Solar power is one of the most incredible findings of all. It is usually the forefront of the conversation when it comes to sources of sustainable energy. Say for instance, if every square meter of Earth’s surface collects 164 watts of solar energy you could stand up a really powerful 150 watt table lamp on every square meter of Earth’s surface and light up the whole planet with the Sun’s energy!

Historically, solar cells have been used in situations where electrical power from the grid is unavailable, such as in remote area power systems, Earth orbiting satellites, consumer systems like handheld calculators or wrist watches, remote radio-telephones and water pumping applications. But as the years pass by and technology is hiking up to the top, big brains from the Massachusetts Institute of Technology also called as MIT, announced that they have created the world’s thinnest and lightest solar cell. They have designed an ultra-thin versions of the panels, as light as a soap bubble, which they say could be added onto any existing material, from electronics to clothing. How cool is that right?

“It could be so light that you don’t even know it’s there, on your shirt or on your notebook,” said Professor Vladimir Bulović in a news release.

The new solar cell is just 1.3 micrometers which is just one-fiftieth the thickness of a human hair. It is one-thousandth the thickness of an equivalent glass-based solar cell that we are all familiar with. The new cells can generate 400 times the power of traditional cells. What’s more is that this cell is made from incredibly flexible cling wrap-like plastic called “parylene.” This parylene possibly gives rise to solar panels stitched invisibly into our everyday lives.

Bulović, MIT’s associate dean for innovation and the Fariborz Maseeh (1990) Professor of Emerging Technology, says the key to the new approach is to make the solar cell, the substrate that supports it, and a protective over-coating to shield it from the environment, all in one process. The substrate is made in place and never needs to be handled, cleaned, or removed from the vacuum during fabrication, thus minimizing exposure to dust or other contaminants that could degrade the cell’s performance.

Though MIT’s design is only lab-tested for now and the scaling up of the invention for commercial use could take years, the laboratory proof-of-concept is already thrilling – a new approach to making solar cells that could help power the next generation of portable devices.

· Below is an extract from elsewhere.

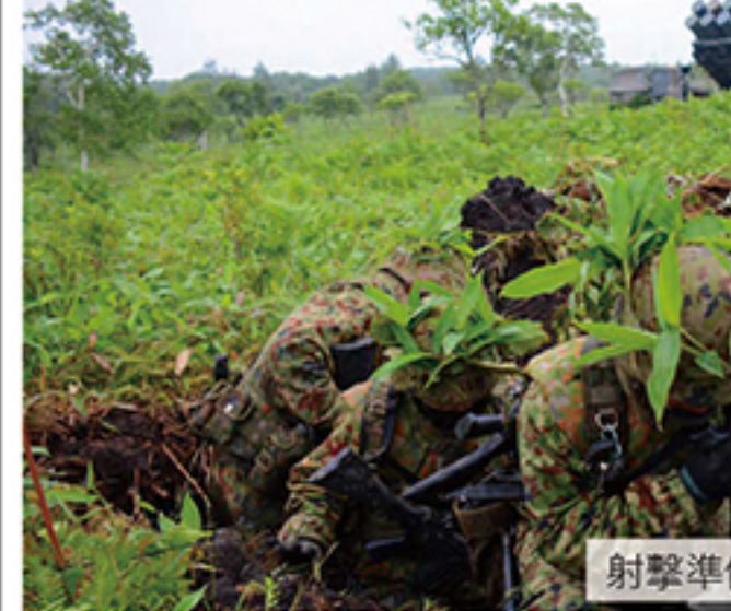
射撃準備を完了した射撃班と発射機

第1特科団(団長 牧野陸将補)は、6月30日から7月14日の間に、令和4年度第1地对艦ミサイル連隊及び第3地对艦ミサイル連隊訓練検閲を、それぞれ実施した。 本訓練検閲においては、離島侵攻対処における師団・旅団に配属された地对艦ミサイル連隊の行動を検閲課題とし、その訓練練度を評価・判定した。 この際、海・空自衛隊及び陸上自衛隊のレーダ、監視哨等の情報収集部隊が収集した目標情報に基づき、地对艦ミサイルによる対艦戦闘を実施した。 本訓練検閲を通じ、対艦戦闘能力の即応性・実効性の向上について、更なる練度向上を図った。

The new process is described in a paper by MIT professor Vladimir Bulović, research scientist Annie Wang, and doctoral student Joel Jean, in the journal Organic Electronics.

According to the MIT News, the team used a common flexible polymer, parylene, as both the substrate and the over-coating, and an organic material called DBP as the primary light-absorbing layer in the initial proof-of-concept experiment. This parylene is commercially obtainable plastic coating used widely to protect implanted biomedical devices and printed circuit boards from environmental damage. The whole process takes place in a vacuum chamber at room temperature and without the use of any solvents, unlike conventional solar-cell manufacturing, which requires high temperatures and harsh chemicals. In this case, both the substrate and the solar cell are “grown” using established vapor deposition techniques.

“The innovative step is the realization that you can grow the substrate at the same time as you grow the device,” Bulović says.

Wang also explained that the flexible parylene film which is similar to kitchen cling-wrap but only one-tenth as thick is first deposited on a turdier carrier material – in this case, glass. Figuring out how to cleanly separate the thin material from the glass was a key challenge.

The researchers lift the entire parylene/solar cell/parylene stack off the carrier after the fabrication process is complete, using a frame made of flexible film. The final ultra-thin, flexible solar cells, including substrate and over-coating, and convert sunlight into electricity just as efficiently as their glass-based counterparts.

“If you breathe too hard, you might blow it away, but parylene films of thicknesses of up to 80 microns can be deposited easily using commercial equipment, without losing the other benefits of in-line substrate formation,” says Jean.

Moreover, the news release also said indicates that while the solar cell in this demonstration device is not especially efficient, because of its low weight, its power-to-weight ratio is among the highest ever achieved. That’s important for applications where weight is important, such as on spacecraft or on high-altitude helium balloons used for research. Whereas a typical silicon-based solar module, whose weight is dominated by a glass cover, may produce about 15 watts of power per kilogram of weight, the new cells have already demonstrated an output of 6 watts per gram — about 400 times higher.

“It could be so light that you don’t even know it’s there, on your shirt or on your notebook, these cells could simply be an add-on to existing structures,” added Bulović.

Further, the work was supported by Eni S.p.A via the Eni-MIT Solar Frontiers Center, and by the National Science Foundation.

“This demonstration by the MIT team is almost an order of magnitude thinner and lighter than the previous record holder,” says Max Shtein, an associate professor of materials science and engineering, chemical engineering, and applied physics, at the University of Michigan, who was not involved in this work. As a result, he says, it “has tremendous implications for maximizing power-to-weight, and for the ability to simply laminate photovoltaic cells onto existing structures.”